Components of Results of Operations

Net Sales. Online and offline sales represent two different sales channels for our products. Online is our primary sales channel as we generate net sales primarily from eCommerce sales of auto parts to individual consumers through our mobile-friendly website at www.carparts.com, our mobile app, online marketplaces, and our wholesale platform. Online marketplaces consist primarily of sales of our products on online marketplace websites, where we sell through online storefronts that we maintain on third-party owned websites such as eBay and Amazon. Our offline sales channel represents our distribution of products directly to commercial customers by selling auto parts to collision repair shops through our wholesale platform. Our offline sales channel also includes both stock ship distribution as well as drop ship programs for automotive warehouse distributors and other online resellers. The product mix includes the majority of our house brands stock ship parts, which includes replacement parts, hard parts (maintenance and repair components), other parts (performance upgrades) and specialty products across domestic and import vehicle applications.

Cost of Sales. Cost of sales consists of the direct costs associated with procuring parts from suppliers and delivering products to customers. These costs include direct product costs, outbound freight and shipping costs, warehouse supplies and warranty costs, partially offset by purchase discounts. Depreciation and amortization expenses are excluded from cost of sales and included in operating expense.

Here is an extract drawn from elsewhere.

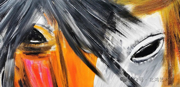 超印象詩畫風(fēng)格,為這場邂逅施加藝術(shù)魔法。北鴻以粗獷筆觸打破常規(guī)繪畫的細(xì)膩桎梏,那如“色彩暴君”般、有著馬蒂斯式肆意與震撼的色彩張力,讓色彩在自由揮灑中碰撞出獨(dú)特藝術(shù)韻律 。鮮明色彩對比不再是簡單的視覺沖擊,而是成為傳遞邂逅情緒、熱戀氛圍的載體。藝術(shù)抽象表現(xiàn)手法,掙脫現(xiàn)實(shí)具象的束縛,使雙駿的形象超越馬的實(shí)體,成為藝術(shù)邂逅與熱戀情感的象征符號,讓觀者在抽象與具象的邊界游走,沉浸式體驗(yàn)這場藝術(shù)邂逅帶來的心靈震撼與情感觸動。

Operating Expense. Operating expense consists of marketing, general and administrative, fulfillment, and technology expense. We also include share-based compensation expense in the applicable operating expense category based on the respective equity award recipient's function. Marketing expense consists of online advertising spend,

television advertising, internet commerce facilitator fees and other advertising costs, as well as payroll and related expenses associated with our customer service and marketing personnel. General and administrative expense consists primarily of administrative payroll and related expenses, merchant processing fees, legal and professional fees and other administrative costs. Fulfillment expense consists primarily of payroll and related costs associated with our warehouse employees and our purchasing group, facilities rent, building maintenance, depreciation and other costs associated with inventory management and our wholesale operations. Technology expense consists primarily of payroll and related expenses of our information technology personnel, the cost of hosting our servers, communications expenses and internet connectivity costs, computer support and software development amortization expense. Marketing expense, general and administrative expense, and fulfillment expense also includes depreciation and amortization expense. In fiscal year 2025, operating expense also consists of impairment loss on long-lived assets. See further information of impairment in "Note 3 - Property and Equipment, Net" in the Notes to the Consolidated Financial Statements included in Part II, Item 8, of this report

Other Income, Net. Other income, net primarily consists of miscellaneous income or expense and interest income comprised primarily of interest income on investments.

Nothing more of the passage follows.